**Work task**
Once you reach the line holding "EDV- Fachkraft Computerschein A", write out that line and every later one exactly, ending with the last line of the data; write nothing else.

Records excerpted from a collection:
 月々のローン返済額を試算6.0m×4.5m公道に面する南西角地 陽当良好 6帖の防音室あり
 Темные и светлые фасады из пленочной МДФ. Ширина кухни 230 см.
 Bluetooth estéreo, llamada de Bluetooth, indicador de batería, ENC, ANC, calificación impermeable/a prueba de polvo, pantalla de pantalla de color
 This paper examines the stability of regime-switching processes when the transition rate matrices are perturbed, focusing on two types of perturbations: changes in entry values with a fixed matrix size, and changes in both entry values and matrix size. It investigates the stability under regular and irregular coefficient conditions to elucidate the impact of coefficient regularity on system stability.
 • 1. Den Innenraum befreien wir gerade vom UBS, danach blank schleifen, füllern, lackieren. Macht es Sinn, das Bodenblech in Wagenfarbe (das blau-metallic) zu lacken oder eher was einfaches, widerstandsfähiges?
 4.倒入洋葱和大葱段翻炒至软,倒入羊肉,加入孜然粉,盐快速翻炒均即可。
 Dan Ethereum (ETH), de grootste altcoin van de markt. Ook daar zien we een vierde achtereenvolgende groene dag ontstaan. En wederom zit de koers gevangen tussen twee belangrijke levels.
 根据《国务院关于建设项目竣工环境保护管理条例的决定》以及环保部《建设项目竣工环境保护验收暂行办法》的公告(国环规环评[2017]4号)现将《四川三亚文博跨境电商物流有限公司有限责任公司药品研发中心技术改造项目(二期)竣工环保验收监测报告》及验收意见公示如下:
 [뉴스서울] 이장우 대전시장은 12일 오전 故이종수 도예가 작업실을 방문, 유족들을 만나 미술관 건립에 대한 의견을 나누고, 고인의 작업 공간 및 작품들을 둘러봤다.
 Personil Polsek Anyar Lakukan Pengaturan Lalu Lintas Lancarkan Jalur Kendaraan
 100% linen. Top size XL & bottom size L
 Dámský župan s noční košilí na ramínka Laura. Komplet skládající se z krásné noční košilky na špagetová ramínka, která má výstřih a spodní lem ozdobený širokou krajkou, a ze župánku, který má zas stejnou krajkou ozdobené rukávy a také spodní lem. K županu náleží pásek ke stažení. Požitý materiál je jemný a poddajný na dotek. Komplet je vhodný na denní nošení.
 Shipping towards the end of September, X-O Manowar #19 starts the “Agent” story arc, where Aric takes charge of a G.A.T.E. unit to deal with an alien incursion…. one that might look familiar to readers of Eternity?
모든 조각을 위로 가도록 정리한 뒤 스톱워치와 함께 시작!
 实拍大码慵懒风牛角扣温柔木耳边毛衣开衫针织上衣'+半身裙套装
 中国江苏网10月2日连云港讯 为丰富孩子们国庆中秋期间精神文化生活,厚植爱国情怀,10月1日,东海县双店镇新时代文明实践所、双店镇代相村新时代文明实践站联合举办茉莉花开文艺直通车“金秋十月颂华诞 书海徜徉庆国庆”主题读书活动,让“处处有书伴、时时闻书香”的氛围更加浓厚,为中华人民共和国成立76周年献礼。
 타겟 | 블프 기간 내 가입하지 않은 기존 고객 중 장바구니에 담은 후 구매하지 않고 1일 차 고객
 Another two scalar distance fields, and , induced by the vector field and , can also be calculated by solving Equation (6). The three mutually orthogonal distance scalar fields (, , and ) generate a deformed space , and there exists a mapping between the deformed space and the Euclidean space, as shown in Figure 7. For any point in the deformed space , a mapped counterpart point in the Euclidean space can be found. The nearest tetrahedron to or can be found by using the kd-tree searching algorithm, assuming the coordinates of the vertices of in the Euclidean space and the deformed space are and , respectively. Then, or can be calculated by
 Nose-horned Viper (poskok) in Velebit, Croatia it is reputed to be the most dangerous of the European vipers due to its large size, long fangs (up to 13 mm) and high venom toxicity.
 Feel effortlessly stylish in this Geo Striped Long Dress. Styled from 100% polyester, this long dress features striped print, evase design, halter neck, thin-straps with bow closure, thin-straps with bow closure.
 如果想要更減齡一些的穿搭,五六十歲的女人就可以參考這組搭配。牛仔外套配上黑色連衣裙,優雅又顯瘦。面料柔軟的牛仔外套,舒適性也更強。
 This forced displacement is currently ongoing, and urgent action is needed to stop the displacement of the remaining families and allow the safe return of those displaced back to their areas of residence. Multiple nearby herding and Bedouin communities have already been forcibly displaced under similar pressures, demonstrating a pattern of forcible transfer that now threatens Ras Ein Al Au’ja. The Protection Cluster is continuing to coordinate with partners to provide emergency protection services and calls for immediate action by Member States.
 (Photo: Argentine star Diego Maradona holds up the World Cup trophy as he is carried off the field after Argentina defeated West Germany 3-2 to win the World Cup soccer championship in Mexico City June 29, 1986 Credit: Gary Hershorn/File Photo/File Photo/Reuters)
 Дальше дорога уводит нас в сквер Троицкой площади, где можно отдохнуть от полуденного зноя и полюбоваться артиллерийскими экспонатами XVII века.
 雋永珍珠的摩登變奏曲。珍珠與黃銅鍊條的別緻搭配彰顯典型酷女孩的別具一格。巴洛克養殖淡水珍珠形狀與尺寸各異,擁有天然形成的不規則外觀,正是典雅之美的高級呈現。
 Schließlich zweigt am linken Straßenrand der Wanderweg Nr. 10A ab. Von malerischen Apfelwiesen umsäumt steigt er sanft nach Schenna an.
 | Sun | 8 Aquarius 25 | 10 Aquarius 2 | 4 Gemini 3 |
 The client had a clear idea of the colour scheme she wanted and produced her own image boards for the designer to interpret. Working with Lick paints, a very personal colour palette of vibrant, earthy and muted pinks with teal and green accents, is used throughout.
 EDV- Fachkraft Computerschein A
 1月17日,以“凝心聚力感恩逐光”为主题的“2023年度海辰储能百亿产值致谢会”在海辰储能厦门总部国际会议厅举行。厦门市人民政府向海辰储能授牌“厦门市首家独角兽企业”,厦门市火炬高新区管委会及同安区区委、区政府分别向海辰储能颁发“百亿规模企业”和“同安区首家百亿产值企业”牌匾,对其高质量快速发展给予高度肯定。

**Completed task**
 EDV- Fachkraft Computerschein A
 1月17日,以“凝心聚力感恩逐光”为主题的“2023年度海辰储能百亿产值致谢会”在海辰储能厦门总部国际会议厅举行。厦门市人民政府向海辰储能授牌“厦门市首家独角兽企业”,厦门市火炬高新区管委会及同安区区委、区政府分别向海辰储能颁发“百亿规模企业”和“同安区首家百亿产值企业”牌匾,对其高质量快速发展给予高度肯定。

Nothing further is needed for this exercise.